PGCon2015 - final

PGCon 2015
The PostgreSQL Conference

Speakers
Alexander Korotkov
Konstantin Knizhnik
Oleg Bartunov
Schedule
Day Talks - Day 3 - Thursday - 2015-06-18
Room DMS 1160
Start time 13:00
Duration 00:45
Info
ID 784
Event type Lecture
Track Hacking
Language used for presentation English

Rethinking JSONB

PostgreSQL 9.4 has introduced JSONB, a structured format for storing JSON, which provides many users with the new opportunity: an effective storing and querying JSON documents inside ACID relational database. While users have notice a great jsonb performance, their feedback also reveals some hidden problems with current jsonb implementation.

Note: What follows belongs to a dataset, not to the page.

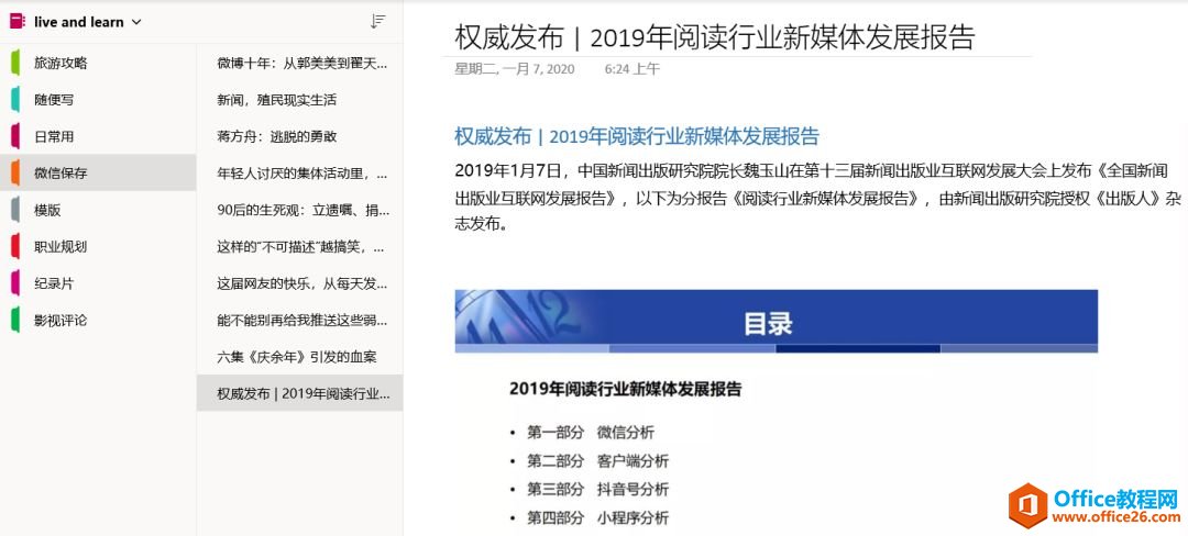 看公众号的时候经常会看到很多想要保存的精彩文章,有的跟想要研究的内容相关性比较高,就会想要存在电脑里方便以后查看。可以通过关注【微软云笔记】公众号,登录之后直接转存到OneNote里,就可以快速同步到各个客户端。不用自己麻烦地复制粘贴再排版,很ok。

We want to discuss different approaches to resolve aforementioned problems and present several proof-of-conceps, so we could rethink jsonb for 9.6.

The first problem of jsonb is its size overhead (4-5 times) in comparison with storing decomposed json data in multiple plain tables, whereas binary format of jsonb has very low storage overhead with regard to a plain text (<4%). The overhead comes mainly from redundant storing of keys names, which can be quite long, in each document. One possible solution could be a persistent key dictionary cached in shared memory. Such solution has several infrastructure problems and it wouldn't work in general case. For example, one can use keys names as values and dictionary may wouldn't fit shared memory because of high cardinality of keys.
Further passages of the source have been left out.